_ACTIVITY:_
Transcribe, leaving out every picture, the lines that run from the start of the listing below through the line with "Вакуумформованная модель упакована".

_INFORMATION SHOWN:_

↓↓↓

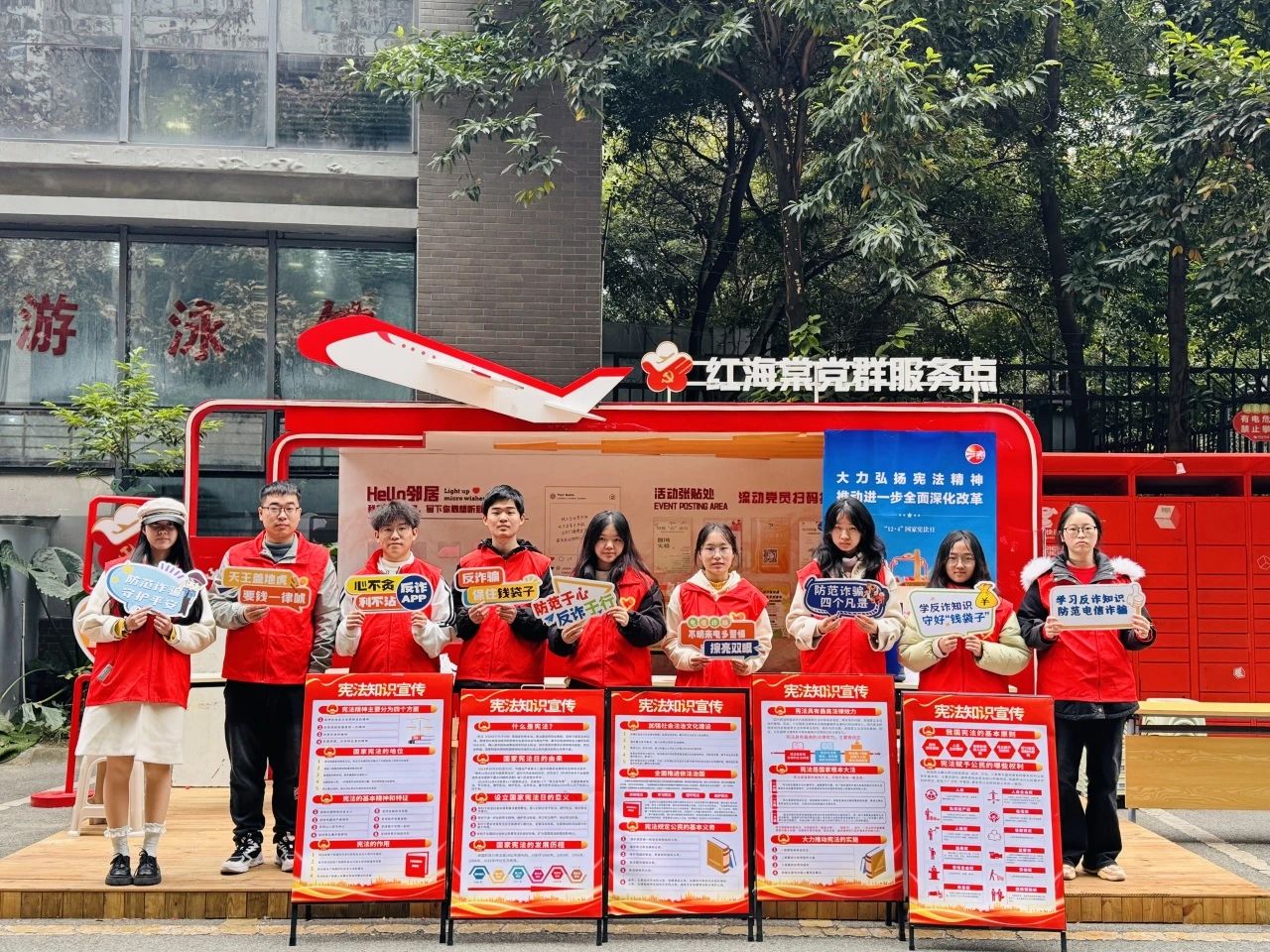 宣传活动以“大力弘扬宪法精神,推动进一步全面深化改革”为主题。党员志愿者们走上社区街头,向来往居民分发了《中华人民共和国宪法》等宣传资料。活动现场还展示了宪法相关的海报,内容生动简洁,涵盖了宪法的核心精神、基本原则,以及与日常生活密切相关的法律知识。通过这一形式,宪法的重要性深入人心,吸引了不少社区居民驻足阅读,为法治宣传注入了更广泛的传播力。在宣传宪法的同时,员工党员们也分发和宣传了《中华人民共和国反电信网络诈骗法》《中华人民共和国反有组织犯罪法》等与居民生活息息相关的法律知识。
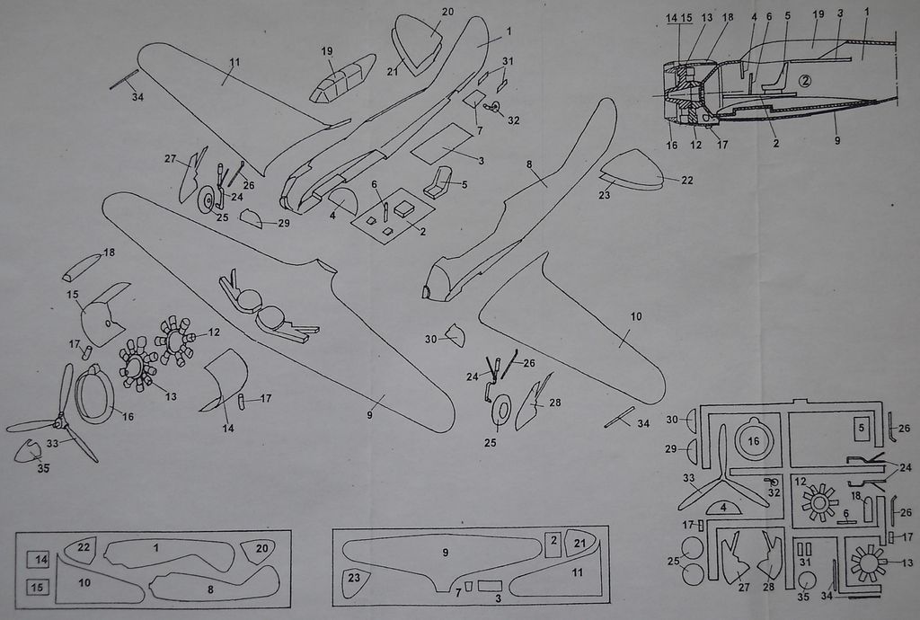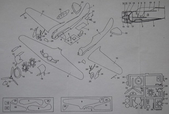 Вакуумформованная модель упакована в полиэтиленовый пакет. Масштаб 1/72, номер по каталогу MS-88. Фюзеляж, крыло, стабилизаторы, капот отформованы из листового пластика толщиной 0,8 мм. Большая часть мелких деталей даны на литнике ЛНД. Качество их не "на высоте": присутствует облой, часть деталей придётся заменить. Ваку-фонарь кабины выглядит вполне нормально. Инструкция по сборке и окраске достаточно наглядна и информативна. Декаль хорошего качества на один вариант.
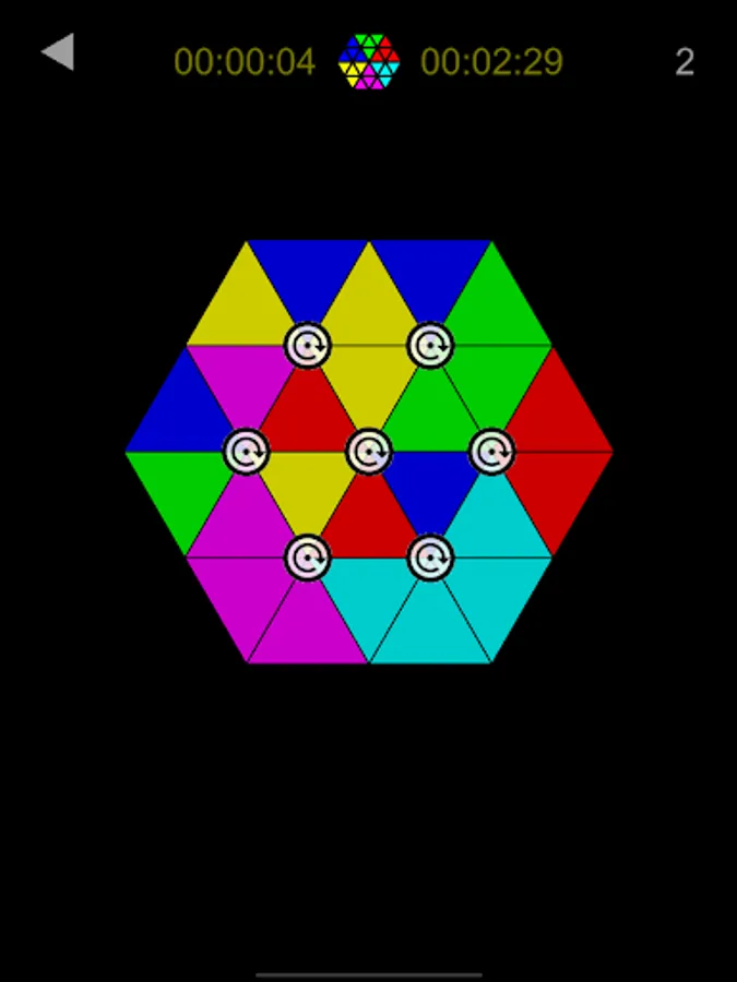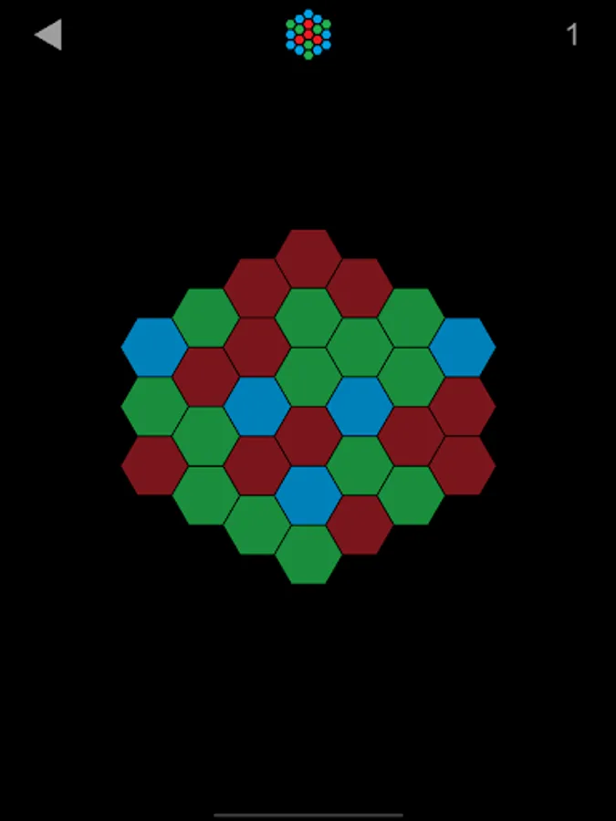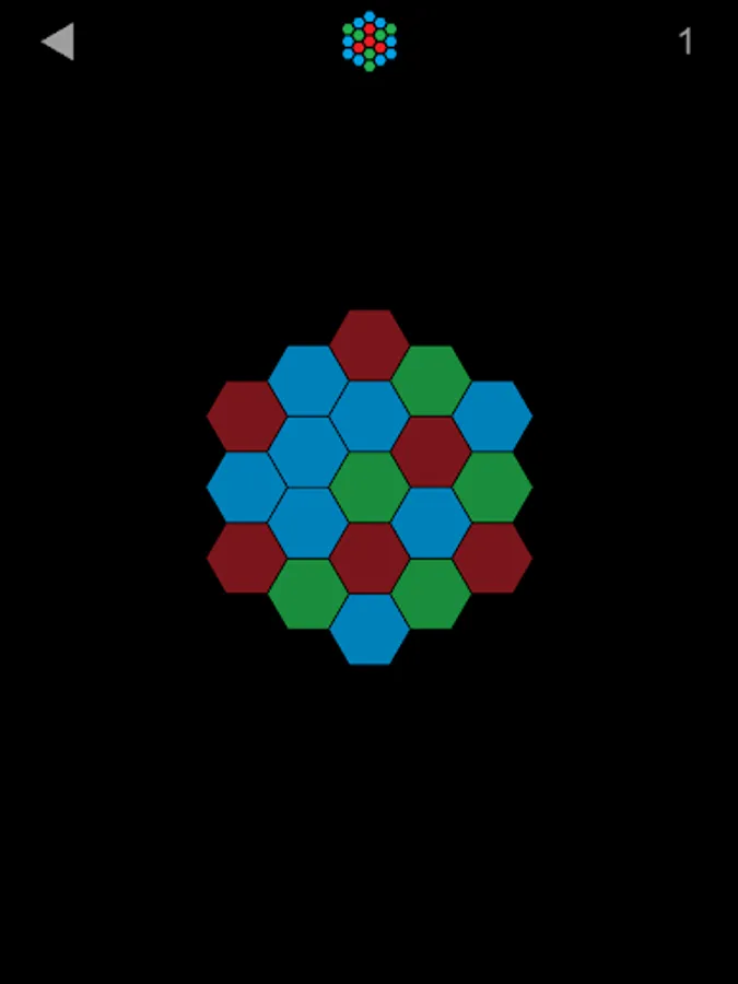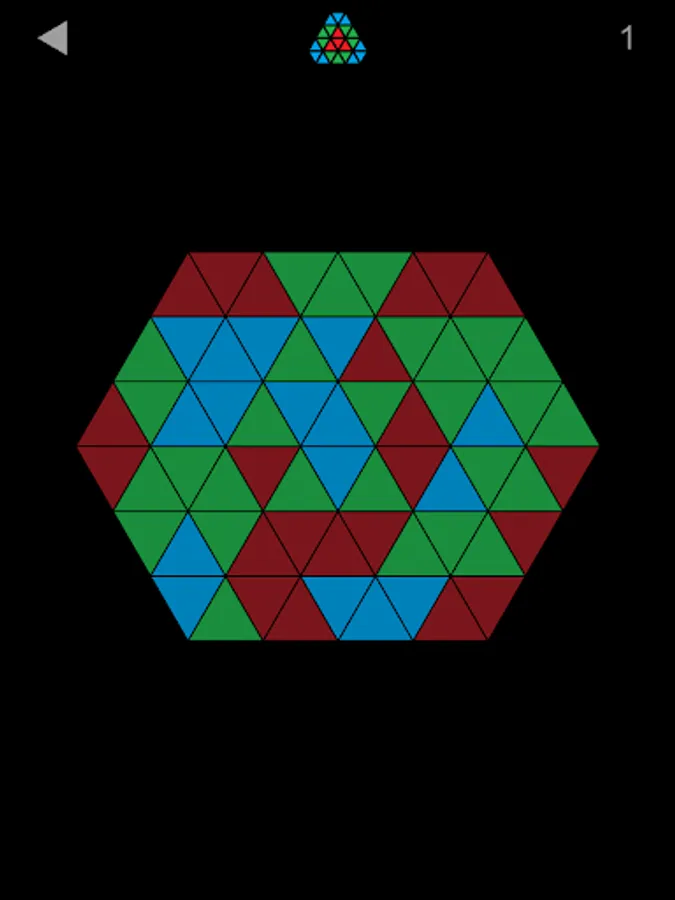 Unified Color: Click to make all polygons have same color. More polygons will change the color when you click ones. There are three shapes(triangle, square, hexagon) and each have some patterns and six levels.

↑↑↑

_SOLUTION FOR THIS TASK:_
 宣传活动以“大力弘扬宪法精神,推动进一步全面深化改革”为主题。党员志愿者们走上社区街头,向来往居民分发了《中华人民共和国宪法》等宣传资料。活动现场还展示了宪法相关的海报,内容生动简洁,涵盖了宪法的核心精神、基本原则,以及与日常生活密切相关的法律知识。通过这一形式,宪法的重要性深入人心,吸引了不少社区居民驻足阅读,为法治宣传注入了更广泛的传播力。在宣传宪法的同时,员工党员们也分发和宣传了《中华人民共和国反电信网络诈骗法》《中华人民共和国反有组织犯罪法》等与居民生活息息相关的法律知识。
 Вакуумформованная модель упакована в полиэтиленовый пакет. Масштаб 1/72, номер по каталогу MS-88. Фюзеляж, крыло, стабилизаторы, капот отформованы из листового пластика толщиной 0,8 мм. Большая часть мелких деталей даны на литнике ЛНД. Качество их не "на высоте": присутствует облой, часть деталей придётся заменить. Ваку-фонарь кабины выглядит вполне нормально. Инструкция по сборке и окраске достаточно наглядна и информативна. Декаль хорошего качества на один вариант.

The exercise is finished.